Dataset #2: Joel’s GINI Index

“Measuring the wealth distribution between the people in each country has been something economists have been measuring for many years. In the GINI index, a higher GINI coefficient signifies inequality in wealth distribution, with 1 being complete inequality and 0 being complete equality. The World Bank has been maintaining this data.”

A potential analysis that could be performed is the trend in the GINI coefficient for each country.

Load data & take a look at it

gini_data <- read.csv("https://raw.githubusercontent.com/kylegilde/D607-Data-Acquistion/master/data-sets/1966f167-824f-4105-8927-8f5a80a92c0f_Data.csv", stringsAsFactors = F)

glimpse(gini_data)
## Observations: 222
## Variables: 16
## $ ï..Series.Name <chr> "GINI index (World Bank estimate)", "GINI index...
## $ Series.Code    <chr> "SI.POV.GINI", "SI.POV.GINI", "SI.POV.GINI", "S...
## $ Country.Name   <chr> "Afghanistan", "Albania", "Algeria", "American ...
## $ Country.Code   <chr> "AFG", "ALB", "DZA", "ASM", "ADO", "AGO", "ATG"...
## $ X1990..YR1990. <chr> "..", "..", "..", "..", "..", "..", "..", "..",...
## $ X2000..YR2000. <chr> "..", "..", "..", "..", "..", "51.96", "..", "5...
## $ X2007..YR2007. <chr> "..", "..", "..", "..", "..", "..", "..", "47.3...
## $ X2008..YR2008. <chr> "..", "29.98", "..", "..", "..", "42.72", "..",...
## $ X2009..YR2009. <chr> "..", "..", "..", "..", "..", "..", "..", "45.2...
## $ X2010..YR2010. <chr> "..", "..", "..", "..", "..", "..", "..", "44.5...
## $ X2011..YR2011. <chr> "..", "..", "..", "..", "..", "..", "..", "43.5...
## $ X2012..YR2012. <chr> "..", "28.96", "..", "..", "..", "..", "..", "4...
## $ X2013..YR2013. <chr> "..", "..", "..", "..", "..", "..", "..", "42.2...
## $ X2014..YR2014. <chr> "..", "..", "..", "..", "..", "..", "..", "42.6...
## $ X2015..YR2015. <chr> "..", "..", "..", "..", "..", "..", "..", "..",...
## $ X2016..YR2016. <chr> "..", "..", "..", "..", "..", "..", "..", "..",...

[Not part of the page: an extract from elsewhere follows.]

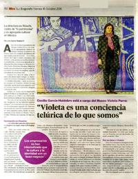 "Violeta es una conciencia telúrica de lo que somos" [entrevista] [artículo] / Juan Carlos Ramírez F. La Segunda (Diario : Santiago, Chile)-- octubre 16, 2015, páginas 52-53. .
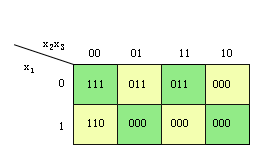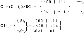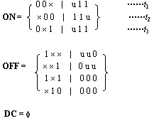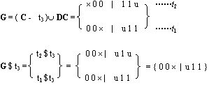 已知: t1= 0 0 ×| u 1 1 是质立方体,欲知t1是否是必要质立方体,其判别条件为式(4-17)。 ![]() t1∩ON = 0 0 ×| u 1 1 因为: t1∩ON 所以t1不是必要质蕴涵项。 此外,已知t3是质立方体,欲判别t3是否是必要质立方体,作: ![]() t3∩ON = 0×1| u 1 1 因为: t3∩ON 所以t3是必要质蕴涵项。

Tidy & transform & filter to countries that have at least 8 observations since 2007

gini_data1 <- gini_data %>% 
  clean_names() %>% 
  gather("year_chr", "gini_chr", 5:16) %>% 
  mutate(year = as.integer(str_extract(year_chr,"[0-9]{4}"))) %>% 
  mutate(gini_coefficient = as.numeric(str_replace(gini_chr, "\\.{2}", ""))) %>% 
  select(country_name, year, gini_coefficient) %>% 
  filter(gini_coefficient >= 0 & year >= 2007)

country_8obs <- filter(count(gini_data1, country_name),n >= 8)$country_name
gini_data2 <- filter(gini_data1, country_name %in% country_8obs)

glimpse(gini_data2)
## Observations: 136
## Variables: 3
## $ country_name     <chr> "Argentina", "Armenia", "Belarus", "Costa Ric...
## $ year             <int> 2007, 2007, 2007, 2007, 2007, 2007, 2007, 200...
## $ gini_coefficient <dbl> 47.37, 29.83, 29.61, 49.49, 54.33, 45.24, 40....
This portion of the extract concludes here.